And I think that's where the failing is, that the culture of corruption that exists in the media doesn't allow us to delineate between enemies and opponents. And that's where we sort of fall into trouble.

(Soundbite of applause)

GROSS: Now in terms of consequences...

(Soundbite of applause)

Mr. STEWART: (Singing) We are the world.

(Soundbite of laughter)

Mr. STEWART: Yeah. We - (Singing) love on the rocks. Ain't no surprise. Something, something...

GROSS: That's good.

Mr. STEWART: (Singing) Tell you no lies.

GROSS: That's good.

Mr. STEWART: (Singing) Baby we were born to run.

(Soundbite of laughter)

GROSS: So you were doing comedy long before "The Daily Show."

Mr. STEWART: Yes.

GROSS: So what was your comedy like before it became a critique of politics and media?

Mr. STEWART: Mostly balloons.

(Soundbite of laughter)

Mr. STEWART: It was a critique of religion and politics and media. It was my feelings on that but in a - just in a much less savvy form, a much less technically aware form, a much less educated form. Our process has allowed us to extend it, you know.

The amount of material that we go through in a day now - I mean, it took me six years to write my first, you know, 45 minutes.

GROSS: What was in the first 45 minutes? Tell us something that was in it.

Mr. STEWART: There was, let's see - you know, it was so long ago; this is 1980. There was a lot of Saddam Hussein stuff. I don't know if you remember that guy.

(Soundbite of laughter)

Mr. STEWART: It was stuff about - I remember the first Persian Gulf War, where again, it was this idea that, you know, everyone was afraid it was going to be another Vietnam.

I think the joke was, you know, it was going to be another Vietnam - we can't go in there; it's going to be another Vietnam. And then the whole war lasted two days. It wasn't even another Woodstock - you know, it was that kind of thing.

(Soundbite of laughter)

Mr. STEWART: Or that, you know, it was a lot of those types of issues still. It was actually a lot of religious stuff, sort of working out. A comedian's first 15 minutes is typically about his life. I'm a - you know, your first joke is usually who you are. You just kind of walk out and go, I'm a Jew who was raised in New Jersey: joke.

You know, it's - and then you work through your family and, you know, you basically go through your entire history with them, and then you sit and stare at them, but they're not doing much. So you have to then spread out.

So then your next jokes usually come from where you go on the road. So I've taken my act about being a Jew from New Jersey to Tennessee. Want to hear about Tennessee?

(Soundbite of laughter)

Mr. STEWART: Yeah, and then that's your next...

GROSS: Yeah.

Mr. STEWART: Your next act is about your life as a comedian. And then when that's exhausted, you tend to turn your vision to the world, and that becomes sort of your tableau for the rest of your career.
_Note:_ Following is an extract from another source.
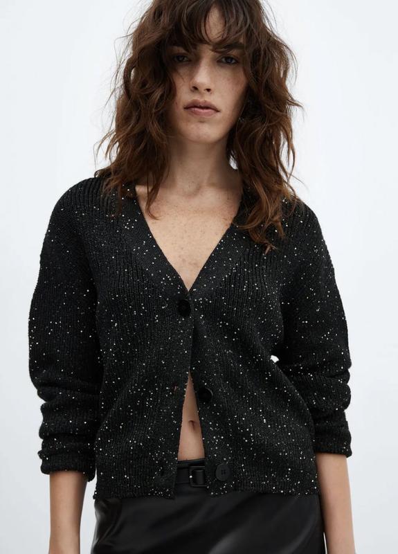 Кардиган з вовною і альпакою від Scotch&Soda з кольоровою люрексовою ниткою Має маленькі вбудовані підплічники Розмір S, на М теж чудово Довжина - 52 см Напівобʼєм грудей - 44см, добре тягнеться

At least in the instances that I've seen.

GROSS: Were listening back to the interview I recorded with Jon Stewart last September at the 92nd Street Y in New York. We'll hear more after a break. This is FRESH AIR.

(Soundbite of music)

GROSS: Let's get back to the interview I recorded in September with Jon Stewart at the 92nd Street Y in New York.
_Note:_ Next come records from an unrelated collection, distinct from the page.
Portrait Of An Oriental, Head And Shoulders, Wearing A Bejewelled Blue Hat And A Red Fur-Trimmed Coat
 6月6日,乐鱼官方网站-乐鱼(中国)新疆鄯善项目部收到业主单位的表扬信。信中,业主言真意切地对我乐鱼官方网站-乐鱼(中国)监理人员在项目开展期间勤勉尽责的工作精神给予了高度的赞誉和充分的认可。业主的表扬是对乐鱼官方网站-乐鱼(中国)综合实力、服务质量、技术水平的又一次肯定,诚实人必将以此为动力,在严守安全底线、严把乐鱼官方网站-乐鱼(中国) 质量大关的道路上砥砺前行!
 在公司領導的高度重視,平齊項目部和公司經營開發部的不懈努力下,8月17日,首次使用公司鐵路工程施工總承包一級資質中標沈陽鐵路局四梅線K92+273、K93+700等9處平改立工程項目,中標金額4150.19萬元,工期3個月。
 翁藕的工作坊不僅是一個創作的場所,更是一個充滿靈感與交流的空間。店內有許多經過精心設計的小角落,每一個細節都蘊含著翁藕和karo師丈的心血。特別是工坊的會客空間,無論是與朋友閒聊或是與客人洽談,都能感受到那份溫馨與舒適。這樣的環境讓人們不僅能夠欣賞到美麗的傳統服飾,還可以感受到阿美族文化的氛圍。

GROSS: Tell us a little bit about what the morning meeting is like.

Mr. STEWART: The morning meeting - as we call it, our morning cup of sadness -we get in around - you'd be incredibly surprised at how regimented our day is and just how the infrastructure of the show is very much mechanized.
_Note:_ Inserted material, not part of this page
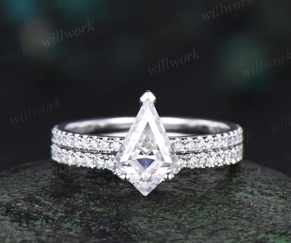 V prong 1ct kite cut moissanite engagement ring set dainty half eternity hidden halo diamond ring vintage unique promise ring set women

It - you know, we come in, and it's not - people always think "The Daily Show," you guys probably just sit around and make jokes. We have a very, kind of strict day that we have to adhere to. And by doing that, that allows us to process everything, and gives us the freedom to sort of improvise.

I'm a real believer in that creativity comes from limits not freedom. Freedom, I think you don't know what to do with yourself. But when you have a structure, then you can improvise off it and feel confident enough to kind of come back to that.

So the morning meeting is at 9 o'clock. And what we've done is, we have - I guess you'd call them mole people that live in a little, subterranean area of our building. And they are charged with watching all of these shows. And they are just tragic, tragic individuals.

(Soundbite of laughter)

Mr. STEWART: They are - they live lives of true sadness. They are mole people. There are - someday they will be free, and we will all celebrate their freedom.

So the morning meeting is, it's typically what are the top stories, and how have they been covered? We have a 9 o'clock meeting and a 3 o'clock meeting.

The 9 o'clock is to kind of rehash the sort of analysis that we were going over the night before, to see if the premises and hypotheses that we had come up with the night before have come to pass, and what's the video evidence.

And then we take that, and we sort of - then we begin to knit it together for writing assignments. And then those writing assignments are usually coming back in at 11:30, at which point we begin to read them.

There's really - my day is very interesting.

(Soundbite of laughter)

Mr. STEWART: Then we read them and go over the notes of how we want to attack it. We don't have enough there, we'll push it back out to the writers. They'll come back at 12:30.

And the day basically goes as sort of a little dance of collaboration between writing and rewriting, and including all the other elements of graphics and all those kinds of things, to put together.

GROSS: So you were voted most funny person in high school.

(Soundbite of laughter)

GROSS: What got you that honor?

Mr. STEWART: It was mostly the political stuff.

GROSS: Yeah, I'm sure.

(Soundbite of laughter)

Mr. STEWART: You know, I was obnoxious. I was obnoxious, and people in New Jersey in the late '70s dug that, man.

(Soundbite of snapping fingers)

(Soundbite of laughter)

Mr. STEWART: You know, I think I always - it's not like I was morose and then suddenly went into comedy. I mean, I was a - I guess what you would consider back then, a pain in the ass.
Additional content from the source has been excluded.